A NIR analysis was performed to search for specific regions able to provide insights into the outcomes of the sensory analysis. Unfortunately, it was not possible to analyze Fiano Vb1 + S21 and Falanghina VB1 + 18-2007 wines. However, Fiano VB1 + 18-2007IOC and FalanghinaVB1 + S21 were included as the other two wines of the same variety exhibited similar levels of appreciation in the sensory testing. A spectroscopic data scatter correction, the Standard Normal Variate (SNV) was applied to the NIR data [58]. APCA plot with NIR spectra as variables allowed the selection of the wave numbers that contributed more to the differentiation of the wines, as illustrated in Figure 6. In the plot the PC1 axis is the most important for the differentiation, accounting for 90.3% of the variance. The wines are not grouped by the perceived pleasantness nor by the grape variety. Since CO₂ absorbs in the NIR range, the dissolved gas was removed through sonication in cold water. Ice was added to the water bath to keep the temperature low and prevent heating of the samples. It is possible to hypothesize that the absence of clustering observed in the PCA could be attributed to the removal of CO₂. Indeed, the presence of CO₂ plays an important role in the perceived pleasantness of the wines analyzed.

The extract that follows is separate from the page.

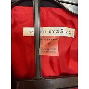 This Peter Nygard Red 2 Pc Suit with Black Trim in size 8P is a stylish and festive option for a holiday party or special occasion. The jacket features long sleeves, a single-breasted design, and a notch lapel style, while the pants complete the set. The suit is designed for a business occasion but can also be worn for a holiday-themed event, making it a versatile and eye-catching addition to any woman's wardrobe. The suit is made with quality materials and should be dry cleaned to maintain its appearance.

In order to better understand the placement of wines in the plot, the wavenumbers with the highest weight on PC1 and PC2 (72 negative and 32 positive values) were selected and were used to build a correlation plot (Pearson correlation) with the sensory outcome (Figure 7). Through the correlation values, it is clearly visible the contribution of specific wavenumbers to selected sensory parameters. The 7324–5292 cm⁻¹ range was positively correlated with astringency, a parameter associated with the presence of tannins or procyanidins. These molecules show a broad variety of complex structures [32]. The wavelengths around 7000 cm⁻¹ and 5300 cm⁻¹ correspond to the first overtones of COH groups, the first overtones of CH₂ and CH₃ groups, all functional groups compatible with tannins structure [54].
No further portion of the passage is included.